/2023_Arevalo_NatComm_BatchCorrection

Evaluating batch correction methods for image-based cell profiling

Primary LanguagePythonBSD 3-Clause "New" or "Revised" LicenseBSD-3-Clause

Evaluating batch correction methods for image-based cell profiling

This repository contains the source code to reproduce the results in the paper: "Evaluating batch correction methods for image-based cell profiling".

These scripts generate several embedding visualizations and .csv files for quantitative evaluation of batch correction methods.

Installation

We suggest Mamba for environment management. The following commands create the environment from scratch and install the required packages.

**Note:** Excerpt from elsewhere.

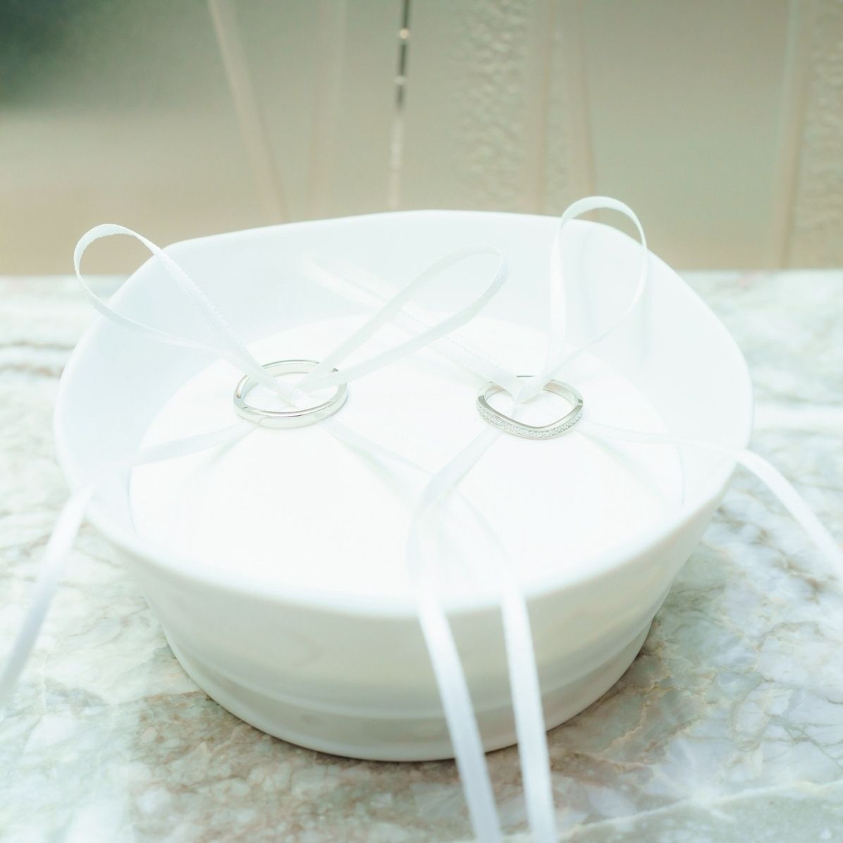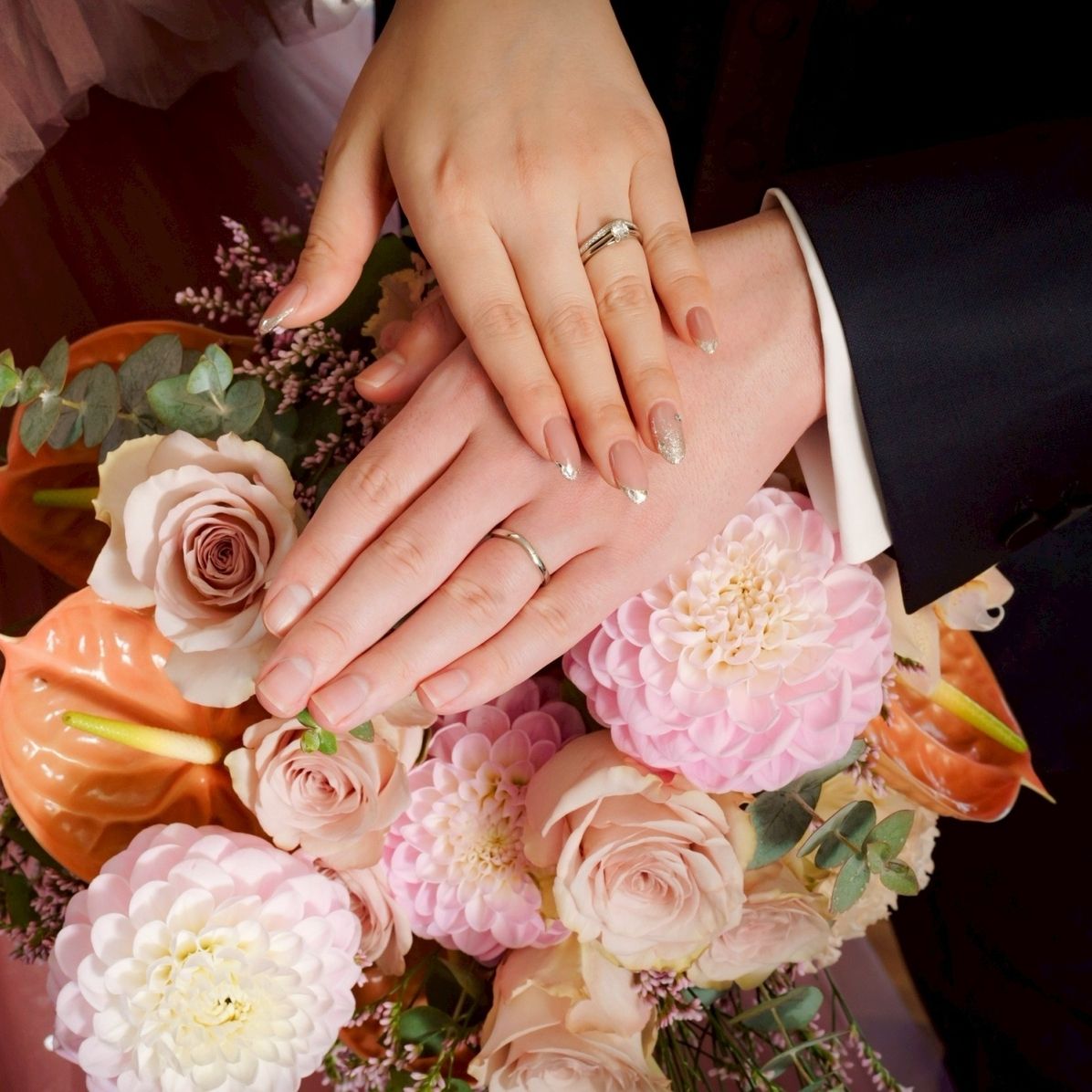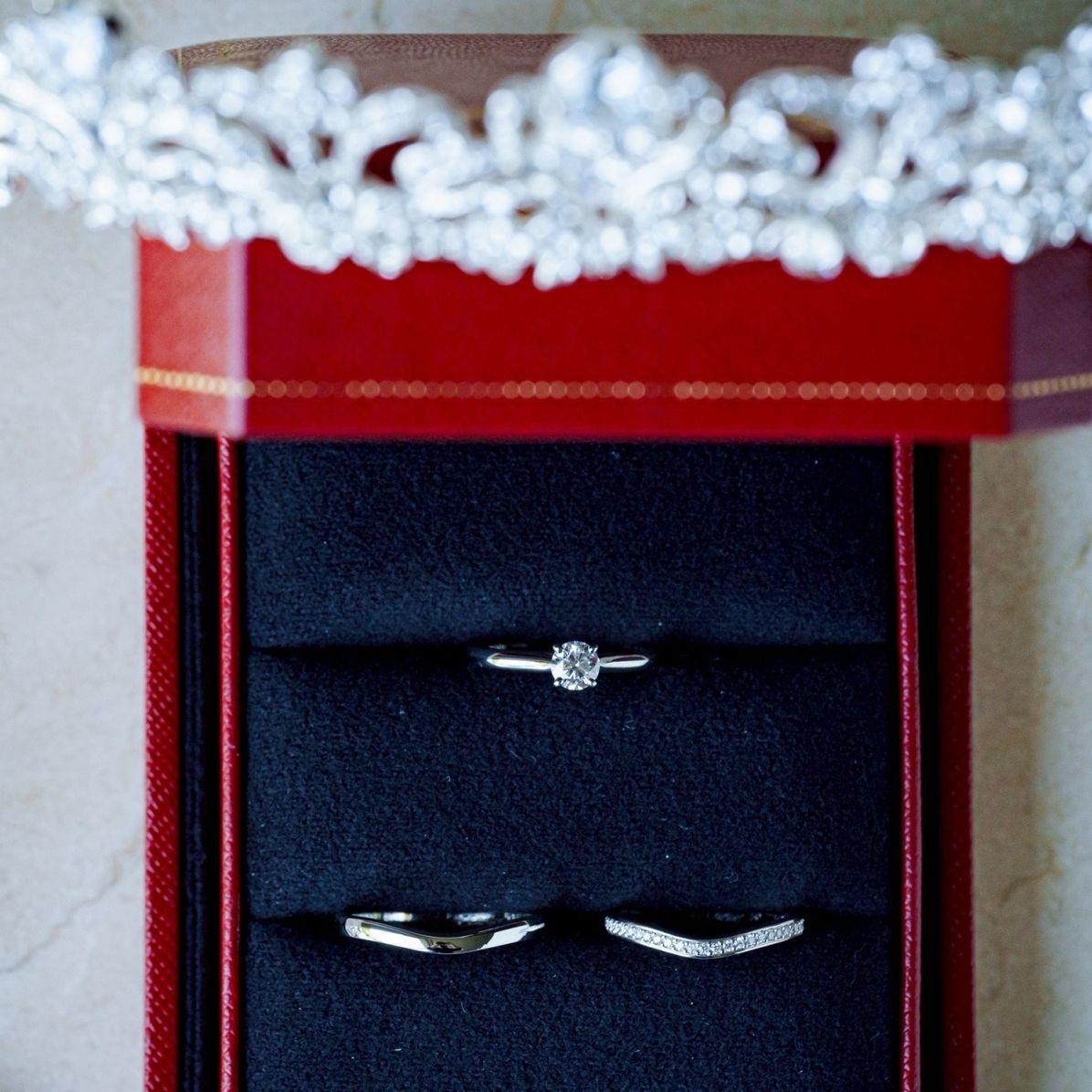 指輪は夫が一人でブランドをいくつか周って探して選んでくれました。王道シンプルな一粒ダイヤの婚約指輪は理想通りで、結婚指輪との重ね着けも綺麗に見えます。

mamba env create --file environment.yaml
mamba activate batchcp

kBET installation

Run the following command to install R package kBET:

R -e "remotes::install_github('theislab/kBET')"

scib troubleshooting

The single-cell integration benchmark scib package may fail because it includes c/c++ code that should be compiled specifically for your environment. An alternative is to install it from source:

DEST=$HOME/projects/scib
git clone https://github.com/theislab/scib.git $DEST
cd $DEST
git checkout v1.1.4
pip install -e .

More info in this issue

mnnpy installation

Similarly, mnnpy may require manual installation. More info at https://github.com/chriscainx/mnnpy#install

Get input data

Download profiles and metadata:

source download_data.sh

Run scenarios

Every scenario reported in the paper can be reproduced running snakemake with the associated config file. For example, to reproduce Scenario 1 using 3 cores:

snakemake -c3 --configfile inputs/conf/scenario_1.json

You can get the scores, corrected profiles and plots in the ./outputs folder.